Johnson acknowledged that he “was aware we got something he wanted to hand over to the vice president,” but said he didn’t know who handed it over or what it was. He said the chief of staff had “do the right thing” in presenting the documents to the vice president.

Later, Johnson left the Capitol followed by reporters asking him about text messages. Johnson put his phone to his ear and said he had been in touch, but a reporter challenged the senator, saying he could see the screen and knew Johnson wasn’t talking to anyone.

“The bottom line is Johnson isn’t stupid — he had to know what the context of the moment was, what was happening on January 6, what was going on back home; he was far away,” said Charlie Sykes, a prominent former Republican who has opposed Trump for a long time. of the rabbit hole in the “Stop Theft” effort. Sykes, who lives in Wisconsin, said the highly specific, easily understandable image of text messages from Johnson staff to the vice president’s office suggesting alternative voters takes the effort to flip the election from an abstraction to intangible.

The January 6 commission broke down some other details of how the Wisconsin plan would standardize. Andrew Heat, the former GOP leader from Wisconsin, has signed on to be a fake Trump voter. Testifying before the committee, Heat said he believed Trump’s list of alternate voters would only be used if the Trump campaign won the legal challenges.

“I was told these would only matter if the court ruled in our favour,” he said. Other than that, Heat said in a clip played during the hearing, “he could have used our voters in ways we were not told and we wouldn’t support.”

The package tracker shows that the package of certificates was mailed in Wisconsin on December 16 but was not accepted by an employee of the National Archives in Washington until the morning of January 4. Later that day, Mark Jefferson, executive director of Republicans from Wisconsin, texted someone: “Idiots who are upset about stupidity want someone to send the original voter papers to the president of the Senate. They’re going to call one of us to tell us.” What the hell is going on.”

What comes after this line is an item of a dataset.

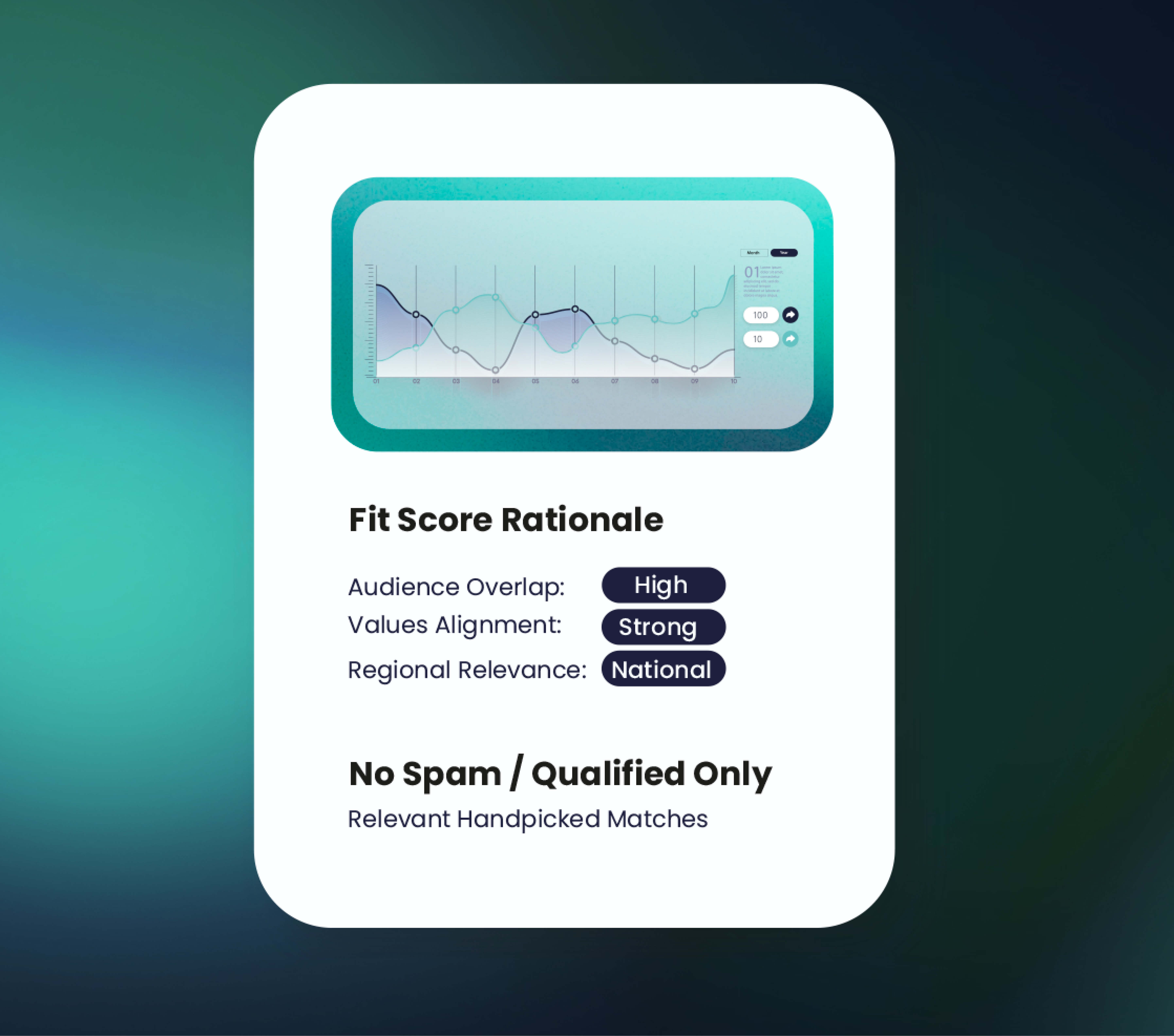 We score partners on audience overlap, category fit, values alignment, and regional relevance— then request consent from both sides before any introduction.

Heat and Jefferson did not respond to requests for comment.

Jeffrey Mandel, a Wisconsin attorney, said in a lawsuit filed in May against fake Trump voters in the state, that there were still many gaps in the timeline, including who was in contact with Heat and Jefferson from the Trump campaign and who gave the fraudulent documents to the office of Johnson. Mandel noted that the cover page included with the alternative voter list sent to Washington was on official Wisconsin Republican Party paper.

Mandel said that while there were many questions, the committee’s fallout for Johnson is an affirmation of the senator’s role in trying to overturn the 2020 election.

“We have known for a long time that he was a supporter of the ‘Big Lie’ and was willing to say and do anything to push that ‘big lie,'” Mandel said. . It wasn’t a terrible surprise, but there is something profound in the image of Senator Johnson physically trying to convey these papers to a penny in the light of day, on the Senate floor, at the crucial moment before Congress begins to count the votes. “

Rosalind S. contributed to this report. Heldermann.